Because of the rough terrain, small lot sizes and close proximity to the stream, a traditional sewer system could not be developed for the Ashland community. Therefore, the Canaan Valley Institute (CVI), a nonprofit organization that specializes in addressing polluted-water issues caused by inadequate wastewater treatment, designed an alternative decentralized wastewater treatment system in which sewage from the houses and two small businesses is collected and transported in a septic tank effluent gravity sewer line via gravity to a pump system and holding tank. The pump transports the effluent approximately 400 feet up the mountain to wetland cells for secondary treatment, reducing biochemical oxygen demand and nitrogen before the wastewater enters a drainfield through a low-pressure pipe drainfield system. Today, this project provides wastewater treatment for 23 homes and a renovated company store and café in the Ashland community.
This project was supported entirely by grant funding and was backed by community residents, all of whom attended public meetings and signed a statement that they were willing to connect to the system. This project provides a model for other communities trying to address infrastructure needs through a nontraditional approach. It also demonstrates how stakeholders—including community members and outside agencies—can work together to improve water quality. The WTCMC continues to implement the WBP by promoting the repair or installation of septic systems where feasible downstream from the Ashland community.

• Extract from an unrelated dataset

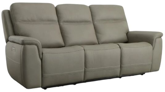 Transform your living space with the Sawyer power reclining sofa with power headrests and lumbar, a perfect blend of comfort and style. This stunning design features high-quality, gray top grain leather upholstery with unique cross-stitching and a distinct arm silhouette, adding a sophisticated touch to any room.Read More
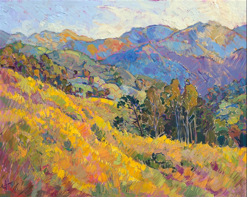 Erin devoted three years to perfecting the technology of 3D art printing in a quest to create a fine art print that captured her vibrant colors and reproduced the texture crucial to her artistic vision. The rhythms of texture in her luscious, impasto oil paintings communicate the movement and joy she finds in nature.

Following installation of the Ashland community decentralized wastewater treatment system, monitoring data have shown significant improvements in water quality. FC levels dropped by more than 98 percent (Figure 2). Post-project water samples collected during low-flow events in fall 2010 comply with the state's FC water quality standards. Samples collected before and six months after the project show that the stream condition index score has improved from 54.4 (marginal) to 67.7 (suboptimal), reflecting improvements in macroinvertebrate diversity and abundance. On the basis of these data, WV DEP will propose to remove the 2.8-mile segment of Windmill Gap Creek from the state's CWA section 303(d) list of impaired waters in 2012.
Partners and Funding
This project's success is the result of the collaborative efforts of many different partners, including WTCMC; WV DEP; CVI; SAFE Housing and Economic Development; West Virginia Ministry of Advocacy and Workcamps Inc.; West Virginia Stream Restoration Fund; McDavid Foundation; Change Happens in Honolulu Hawaii; West Virginia Affordable Housing Trust Fund; West Virginia Stream Partner's Program; Versa Con; Southern Department of Transportation; Mountain Resource Conservation and Development Council; McDowell County F.A.C.E.S.; McDowell County Health Department; Citizens Conservation Corps of West Virginia; Stafford Consultants, Inc.; First Presbyterian Church; McDowell County Commission; West Virginia Division of Natural Resources; Travel Beautiful Appalachia, Inc.; and local Rotary clubs.
Ashland Community Utilities, Inc., which provides drinking water to the community, operates and maintains the wastewater treatment system at an affordable level, with an annual estimated budget of $7,000 and monthly rates of $27. The cost to install Ashland's community decentralized wastewater treatment system was $770,970, of which $231,650 was provided by CWA section 319 funds. Matching funds for the project were provided by private, nonprofit and foundation donations, as well as state funds (West Virginia Stream Restoration Fund and West Virginia Stream Partners Program funds).